To do. Transcribe exactly the stretch of lines beginning at the one containing "- A clever frame" and closing with the last line of the entries below. Omit images.

START The data

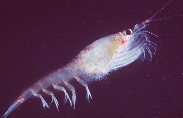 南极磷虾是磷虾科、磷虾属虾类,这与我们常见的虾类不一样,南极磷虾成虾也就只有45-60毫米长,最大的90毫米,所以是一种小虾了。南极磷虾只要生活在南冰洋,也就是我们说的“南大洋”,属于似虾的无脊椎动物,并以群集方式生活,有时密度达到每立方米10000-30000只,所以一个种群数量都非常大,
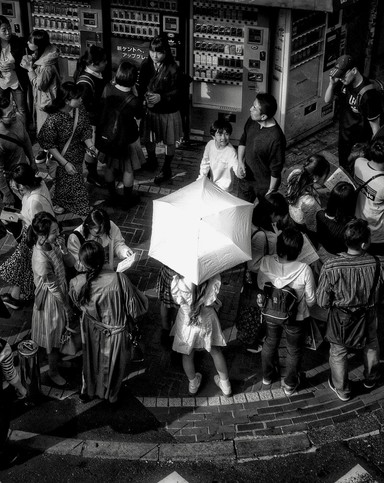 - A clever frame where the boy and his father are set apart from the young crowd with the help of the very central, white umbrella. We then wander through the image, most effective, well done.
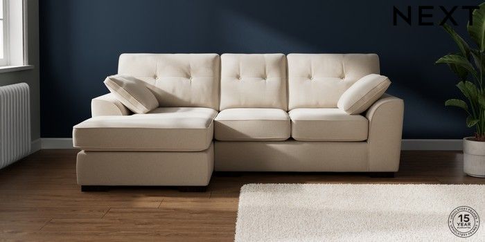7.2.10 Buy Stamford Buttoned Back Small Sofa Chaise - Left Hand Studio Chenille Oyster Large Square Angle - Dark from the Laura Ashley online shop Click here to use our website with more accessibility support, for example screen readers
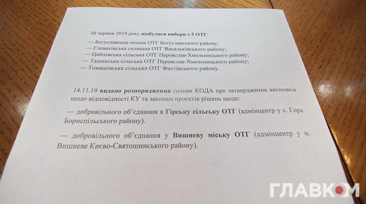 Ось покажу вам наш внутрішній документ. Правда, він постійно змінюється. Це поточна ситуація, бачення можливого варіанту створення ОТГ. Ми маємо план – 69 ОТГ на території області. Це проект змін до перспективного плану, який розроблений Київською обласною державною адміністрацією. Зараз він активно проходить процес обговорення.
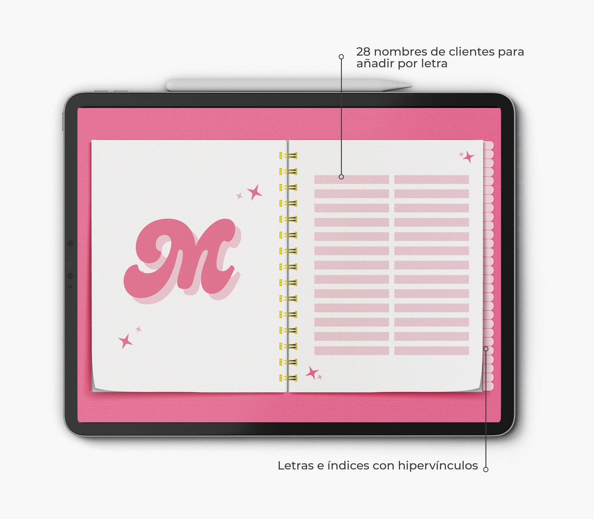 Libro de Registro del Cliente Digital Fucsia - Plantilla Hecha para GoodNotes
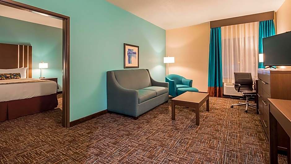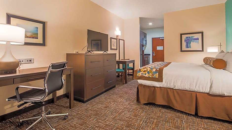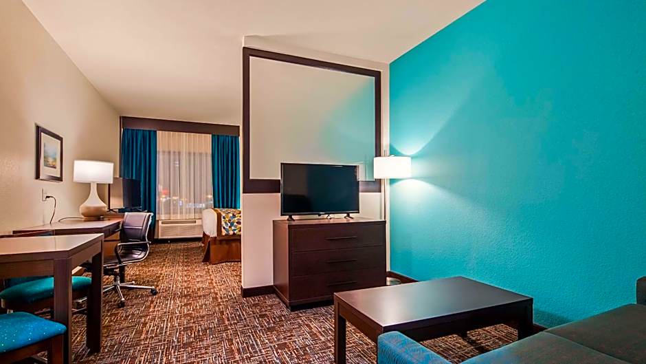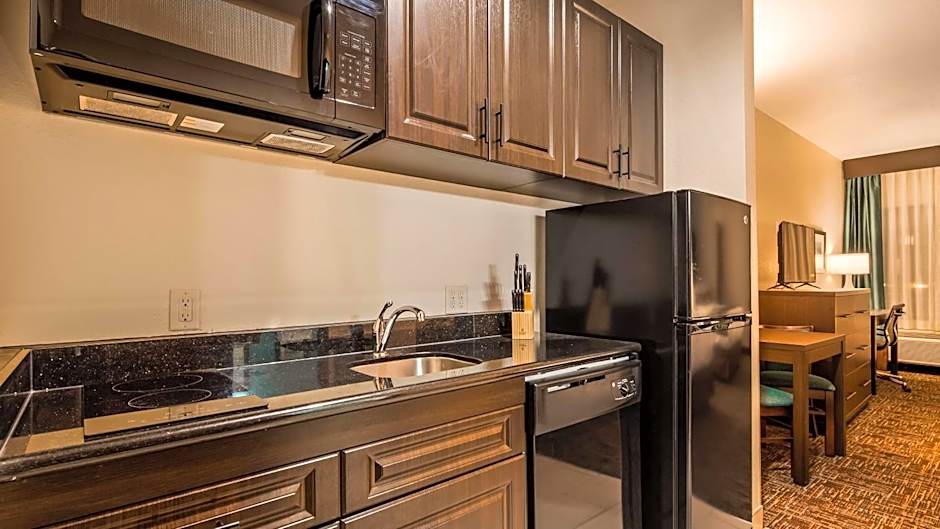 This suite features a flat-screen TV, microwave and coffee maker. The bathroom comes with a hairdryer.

END The data

Task response.
 - A clever frame where the boy and his father are set apart from the young crowd with the help of the very central, white umbrella. We then wander through the image, most effective, well done.
7.2.10 Buy Stamford Buttoned Back Small Sofa Chaise - Left Hand Studio Chenille Oyster Large Square Angle - Dark from the Laura Ashley online shop Click here to use our website with more accessibility support, for example screen readers
 Ось покажу вам наш внутрішній документ. Правда, він постійно змінюється. Це поточна ситуація, бачення можливого варіанту створення ОТГ. Ми маємо план – 69 ОТГ на території області. Це проект змін до перспективного плану, який розроблений Київською обласною державною адміністрацією. Зараз він активно проходить процес обговорення.
 Libro de Registro del Cliente Digital Fucsia - Plantilla Hecha para GoodNotes
 This suite features a flat-screen TV, microwave and coffee maker. The bathroom comes with a hairdryer.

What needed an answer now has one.